Naquela noite a neblina se dissipou um pouco e pude valorosamente avistar o farol que eu tanto procurava, um alento para a minha solidão e nostalgia. Homenageei os meus amigos ausentes... fiz mais uma nova amizade nos moldes dos velhos tempos e provoquei uma choperia inteira a dividir comigo o meu lado Raulseixista, inclusive, um garçom metido a besta.

... Da mesma forma que o Araguaia se conformou com os altos e baixos até o Tocantins, eu demorei, mas, me ajustei aos infortúnios e alegrias que iam se apresentar nos anos que se seguiram...

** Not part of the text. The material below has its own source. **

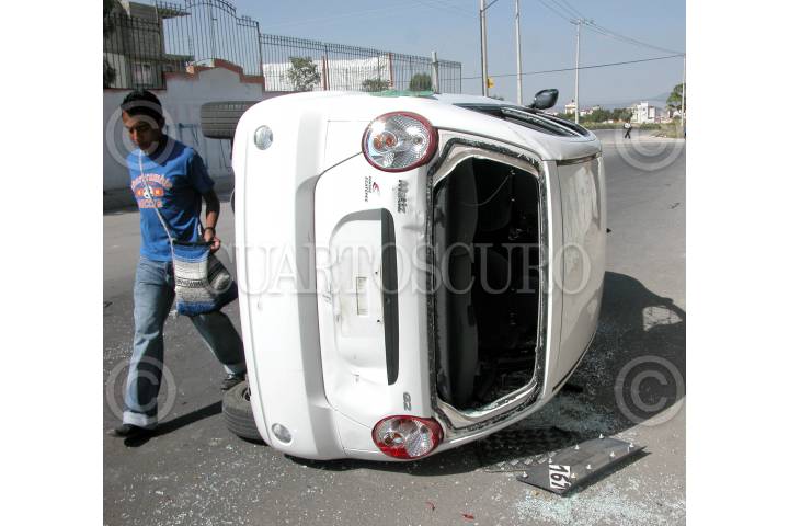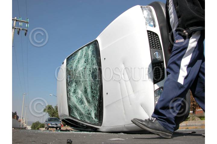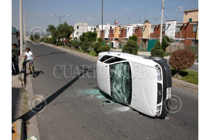TECAMAC, ESTADO DE MÉXICO, 01OCTUBRE2008.- Varios taxis fueron volteados sobre la avenida Olivos, tras suscitarse un enfrentamiento entre transportistas de servicio público de la Ruta 37 y taxistas, luego de que intentarán introducir otras rutas que ofrecieran sus servicios en la colonia Loma Bonita y Francisco Villa del Real. FOTO: JULIETA MORA/CUARTOSCURO.COM

Dos amigos que ficaram por aqui, hoje em dia quase não os vejo. A maioria são funcionários públicos ou trabalham numa empresa importante na cidade, outros estão desempregados ou tem seus próprios negócios, entretanto, fizeram da arte um hobby. Dos que partiram para Cuiabá, sei que um fundou um bar de rock famoso por lá, outros assim como os que ficaram por aqui também são funcionários públicos e/ou acadêmicos e também usam seus talentos como hobby. Já sobre a única amiga que se enveredou para Goiânia (Alice), pouco sei. Entretanto, chegou-me há alguns anos, a informação de que a mesma é apaixonada por animais, sobretudo, cachorros. O que me leva a crer que ela deve ter fundado um canil, trabalha em uma clínica veterinária ou coisa do tipo.

Presentemente, nesses adultos anos, onde o grisalho invade os cabelos, as noites não são mais tão dolorosas, a neblina não aparece com tanta espessura e os redutos são só simples choperias. Eu escrevo sobre aqueles dias que muitos consideravam oba...oba e efêmero, mas que para mim, ainda são um farol.